Code to Generate Word Cloud of Key Words in Corpus of R1 Academic Library Strategic Plans

Preliminaries

The following script assumes that all of the strategic plans listed in the strategic plans spreadsheet (located in the repository’s data folder) are downloaded as PDFs to your R working directory.

Once the plans are downloaded and stored as individual pdf files in the working directory, load the following libraries:

# Load relevant libraries
library(pdftools)
library(tm)
library(SnowballC)
library(wordcloud)
library(tidyverse)
library(knitr)

Create vector of strategic plan document names

In the following, we make a vector of the names of strategic plan file names (all plans are stored as PDFs in the working directory), and assign this vector to an object named files.

# Make a vector of the names of the PDF files (i.e. plan documents) in working directory
files<-list.files(pattern="pdf$")

Make corpus and term document matrix

We will now use the vector of plan document names (files) to make a text corpus that is based on the underlying text of the strategic plans; this corpus is assigned to an object named corpus_plans:

# Make corpus based on strategic plan documents
corpus_plans<-Corpus(URISource(files),readerControl = list(reader=readPDF))

Now, we use the corpus as an argument in the TermDocumentMatrix function to make a term document matrix derived from the corpus. This term document matrix is assigned to an object named plans.tdm

# Make term document matrix based on corpus_plans object
plans.tdm <- as.matrix(TermDocumentMatrix(corpus_plans, 
                                control = 
                                  list(removePunctuation = TRUE,
                                       stopwords = TRUE,
                                       tolower = TRUE,
                                       stemming = FALSE,
                                       removeNumbers = TRUE,
                                       bounds = list(global = c(3, Inf)))))

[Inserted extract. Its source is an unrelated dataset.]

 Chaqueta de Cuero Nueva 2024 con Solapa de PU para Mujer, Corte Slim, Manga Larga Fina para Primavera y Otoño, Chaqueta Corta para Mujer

The frequency of the word “commons” in the strategic plan corpus

How many times does the word “commons” appear in the corpus of strategic plans? To find out, we extract a vector that sums up the number of times various words appear in the corpus using the rowSums function, and assign this vector to an object called words; we then create a data frame based on words, with one column (named “word”) containing the various words in the corpus, and the other column (named “freq”) containing information on how many times the associated word appears in the corpus. We then extract the rows with the words “commons” and “library” (to serve as a reference point) to see how many times they appear in the corpus.

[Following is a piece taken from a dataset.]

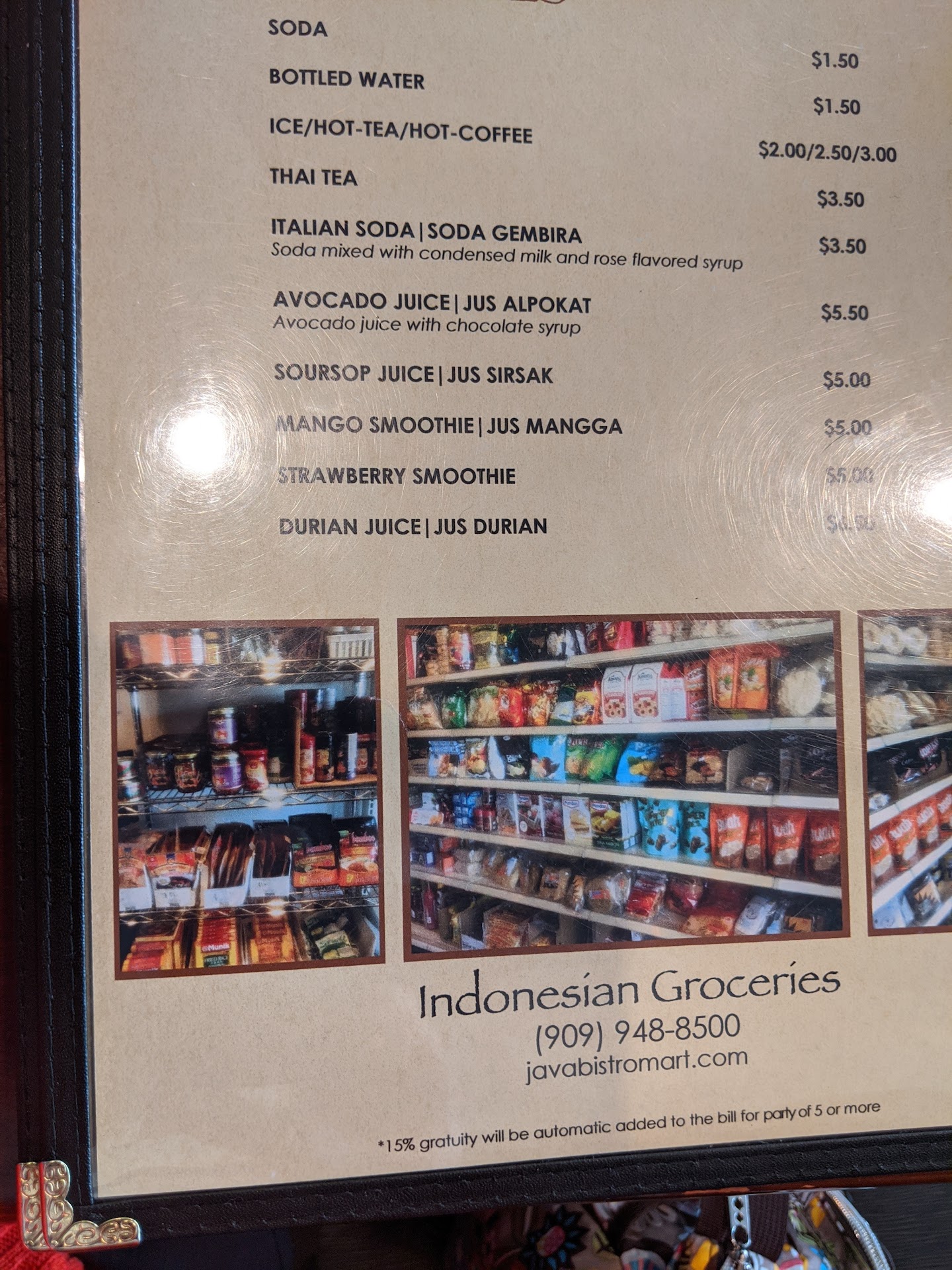 Read moreLocated just off Miliken Ave in Rancho Cucamonga, CA, is this LOVELY GEM of an Indonesian restaraunt, Java Bistro. The food, service and atmosphere here is absolutely amazing. The restaraunt is small, yet bustling with the sould of kitchen noises and the Indonesian language being spoken (Bahasa?) with a slight touch of music in the background. Now, to be completely honest, this is NOT my first time eating here by any means. Due to my travels, I come around the area frequently and try to eat here whenever possible. My favorite dish(es) are: Nasi Campur (Nahs-ee Cham-poor), which is a bunch of delicious types of pork (pork belly, sausage, etc) served on a bed of rice with clear soup, slices of cucumber, a liquidy sweet/savory sauce and Sambal (Saahm-ball); Satay Kambing (Sah-tay Kam-bing) which is bits of Lamb on a bamboo kebab skewer (served with a sweet/spicy sauce, and on a bed of rice if you choose); And Tahu Isi (Ta-who Eee-see) which is basically an egg roll, except it is Tofu stuffed with the same filling, battered and deliciously fried. I also buy some of the things on the table at the front, such as various cakes, stuffed rice things, and so on.

# Extract vector containing information on word frequencies
words <- sort(rowSums(plans.tdm), decreasing=TRUE)
# Create a data frame based on the information in "words"
df <- data.frame(word = names(words),freq=words)
# Find the frequency of "commons" and "library" in the corpus 
df %>% filter(word=="commons"|word=="library") %>% remove_rownames()

##      word freq
## 1 library 2908
## 2 commons   83

Generate word cloud

Finally, we use the “word” and “freq” columns from the df object created above to generate a word cloud of the most frequently recurring words in the strategic plan corpus:

# Set seed for reproducibility
set.seed(1234)
# Generate word cloud
wordcloud(words = df$word, freq = df$freq, min.freq = 50, max.words=90, random.order=FALSE, rot.per=0.35, colors=brewer.pal(8, "Dark2"))

Acknowledgements

This brief script draws on previously published online guides to working with text data and generating word clouds in R. Especially helpful were Clay Ford’s introduction to text mining in R (published through the University of Virginia Libraries and available here), STHDA’s tutorial on text mining and word clouds in R, and Celine Van den Rul’s tutorial in the towards data science series on generating word clouds in R.